Cecília, que fez o 12.º ano através das Novas Oportunidades e nunca estudou arte, quer ser fotografada ao lado do quadro Gadanheiro, de Júlio Pomar, que a leva às memórias da infância, às gadanhas dos avós. Tem aprendido muito desde que está no museu, quer ajudando na montagem das exposições quer acompanhando as visitas guiadas ou meramente andando pelo museu - "Cada vez que olho para os quadros vejo coisas novas."
"Represento a imagem de um país"
Ana Rodrigues está na receção do Museu Nacional de Arqueologia (MNA). Enquanto a esperamos, um casal idoso de alemães senta-se. Entretanto, passa um grupo de rapazes britânicos e uma turma de uma escola portuguesa. Estamos ao lado do Mosteiro dos Jerónimos, da Torre de Belém, do Museu dos Coches: os turistas são mais do que muitos. Ana, que ali faz vigilância há sete anos - entrou no último concurso externo -, coordena os 11 visitantes do MNA. Antes trabalhava no Palácio da Pena. Já não faz vigilância no seu espaço favorito do museu: a Sala do Tesouro, que agora está entregue a uma empresa de segurança privada.
Formada em Ciências da Comunicação, não foi este o emprego com que sonhou, mas aproveita-o: "Gosto de falar com as pessoas, trocar ideias e histórias. O contacto com as pessoas é vital nesta profissão. A pessoa tem de procurar escapes, falar." Como todos os outros vigilantes que encontrámos, é constantemente abordada pelos visitantes, que lhe põem questões várias. "Nem toda a gente está habituada ou sabe o que é a arqueologia. Há muitos povos que não sabem: os asiáticos, por exemplo." Ao contrário dos outros museus que visitámos, onde a formação é dada pelos colegas em contexto de trabalho, no MNA os vigilantes têm formação de cada vez que se inaugura uma nova exposição, dada "pelo diretor, pelo serviço educativo ou por um investigador".

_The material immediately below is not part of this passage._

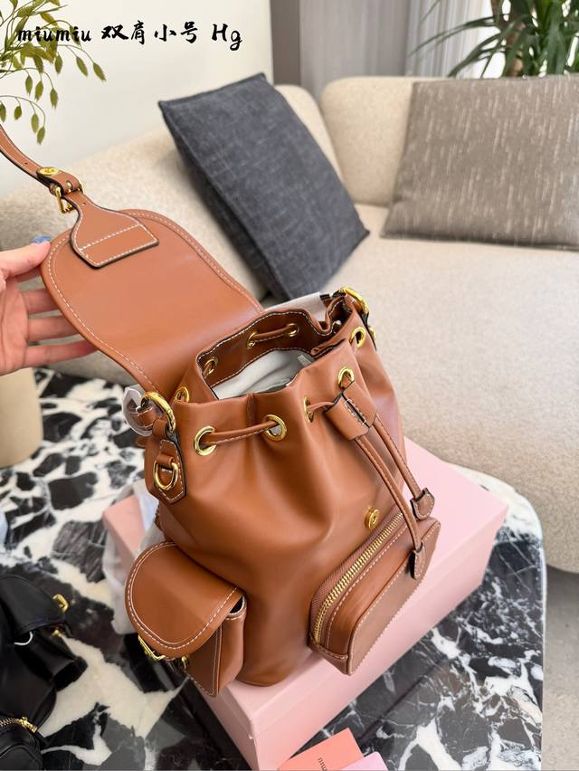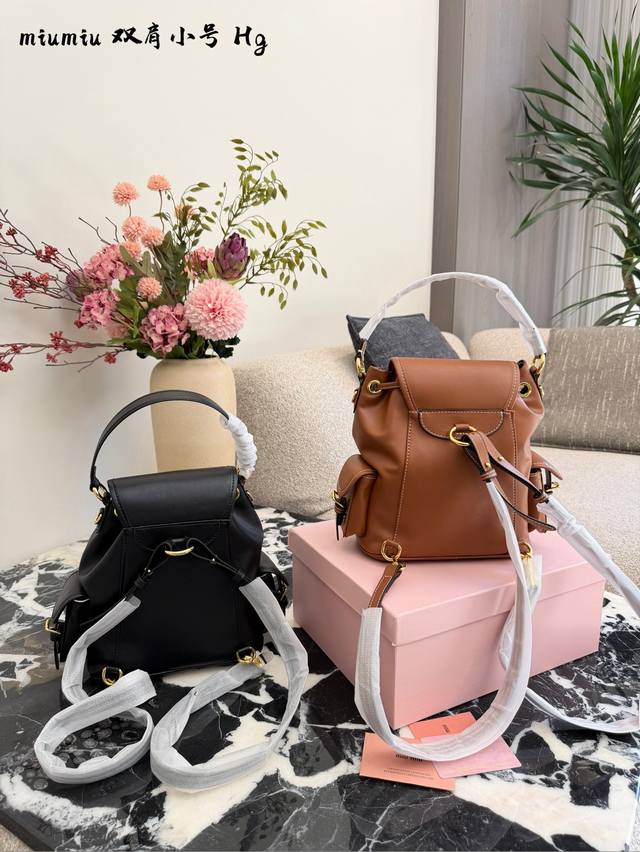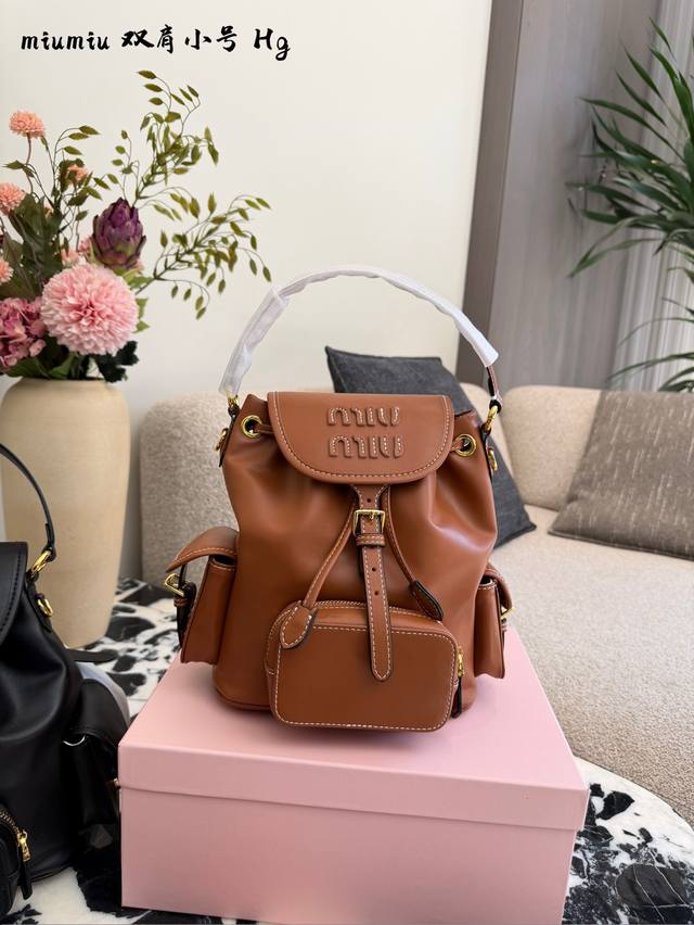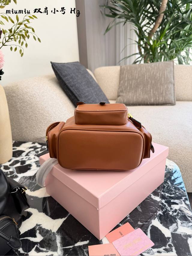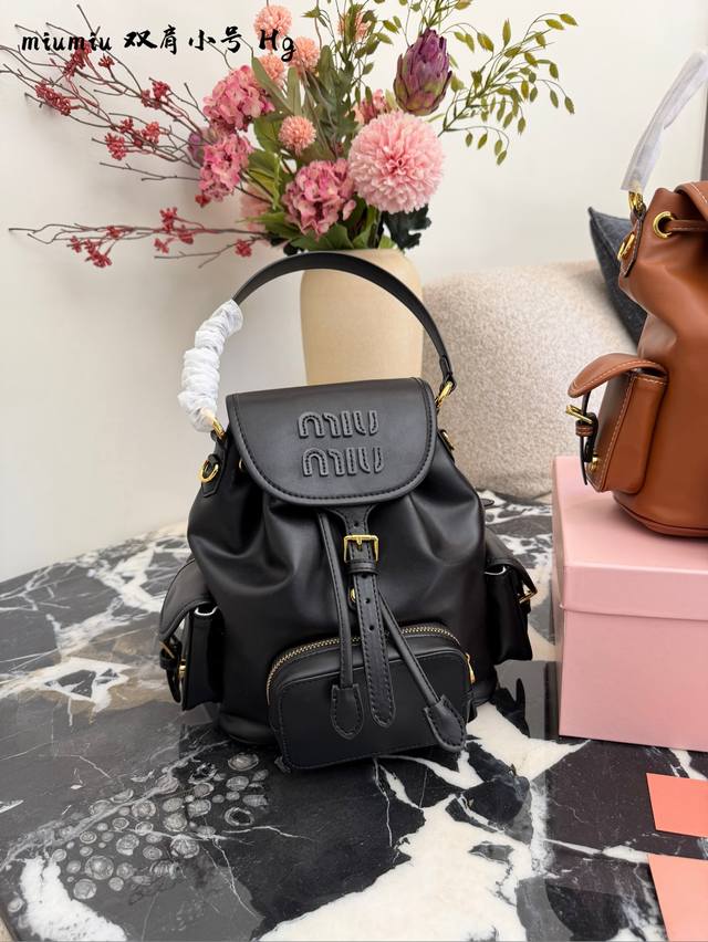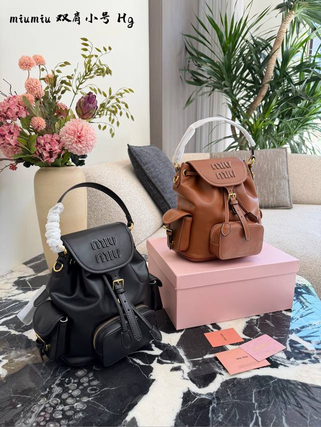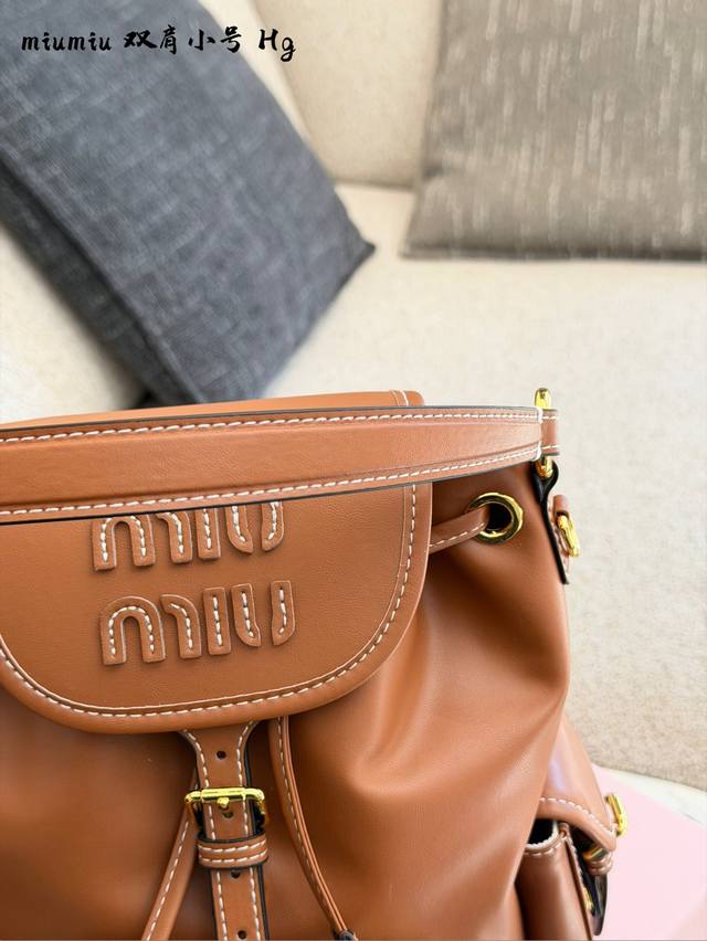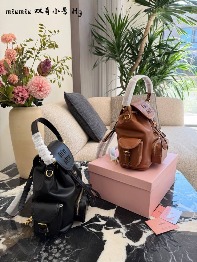 ) This is a Miu Miu backpack made of cowhide leather with a smooth and textured surface. The front of the bag features the brand's iconic "Miu Miu" logo. This classic design is suitable for everyday use or pairing with fashionable outfits. It is not only durable but also has some collectible value. (

Com o aumento exponencial dos visitantes nos últimos anos, Ana, de 36 anos, diz que quase não se senta. "O que as pessoas não sabem é que quando há muita, muita gente, nós estamos cansados ao final do dia, porque estivemos a falar com muita gente e estivemos de pé sete horas. Temos de estar bem vigilantes e alerta." Além disso, há a simpatia. Como em todos os outros museus que visitámos, durante a semana os visitantes são sobretudo estrangeiros. "Também é a imagem de um país que eu estou a representar, não é?"